We used 15 human cognitive datasets across three modalities: EEG, fMRI, and eye-tracking.
Compared to the recent pioneer framework, our proposed CogniFNN showed smaller prediction errors of both context-independent (GloVe) and context-sensitive (BERT) word embeddings.
- Score: 18.23390072160049
- License: http://creativecommons.org/licenses/by/4.0/
- Abstract: Word embeddings can reflect the semantic representations, and the embedding
qualities can be comprehensively evaluated with human natural reading-related
cognitive data sources.
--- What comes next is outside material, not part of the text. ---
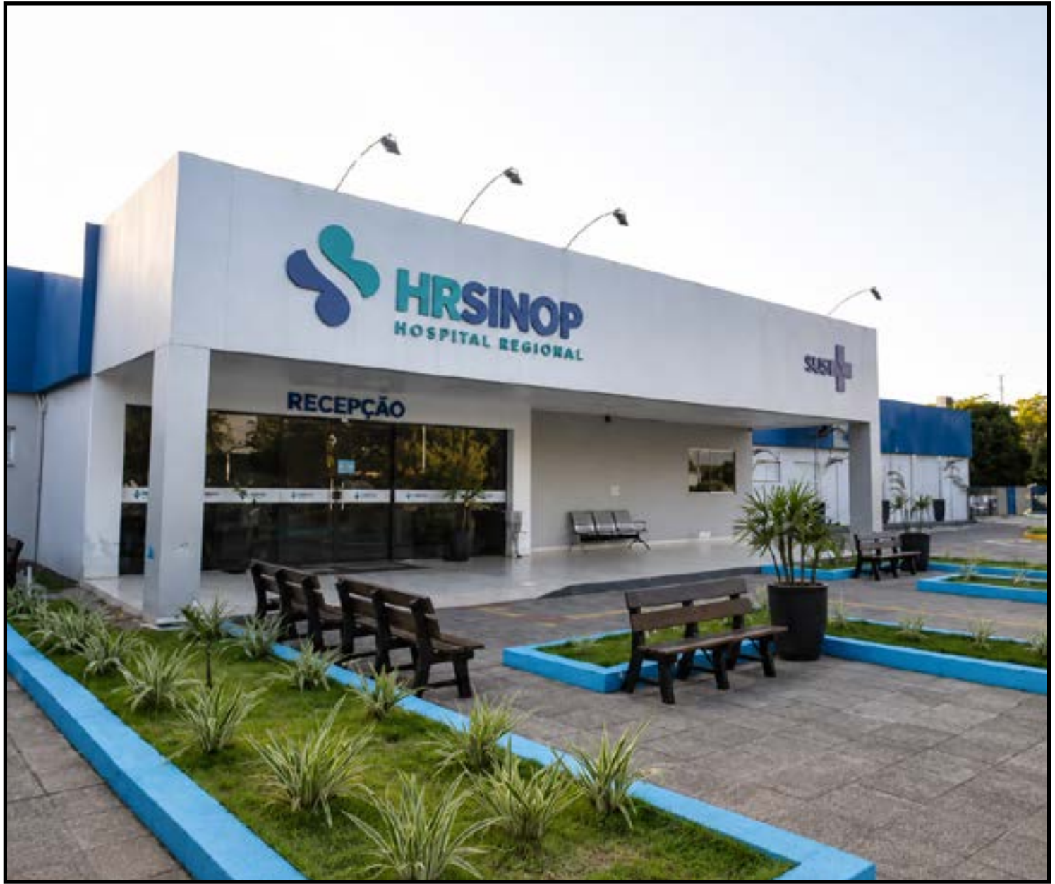
Gestão do HR será transferida para o Consórcio Público de Saúde Vale do Teles Pires

A secretária também informou que todos os profissionais que atualmente trabalham no hospital deverão passar por novos processos seletivos por causa da mudança de Cadastro Nacional da Pessoa Jurídica (CNPJ).

In this paper, we proposed the CogniFNN framework,
which is the first attempt at using fuzzy neural networks to extract non-linear
and non-stationary characteristics for evaluations of English word embeddings
against the corresponding cognitive datasets. In our experiment, we used 15
human cognitive datasets across three modalities: EEG, fMRI, and eye-tracking,
and selected the mean square error and multiple hypotheses testing as metrics
to evaluate our proposed CogniFNN framework. Compared to the recent pioneer
framework, our proposed CogniFNN showed smaller prediction errors of both
context-independent (GloVe) and context-sensitive (BERT) word embeddings, and
achieved higher significant ratios with randomly generated word embeddings. Our
findings suggested that the CogniFNN framework could provide a more accurate
and comprehensive evaluation of cognitive word embeddings. It will potentially
be beneficial to the further word embeddings evaluation on extrinsic natural
language processing tasks.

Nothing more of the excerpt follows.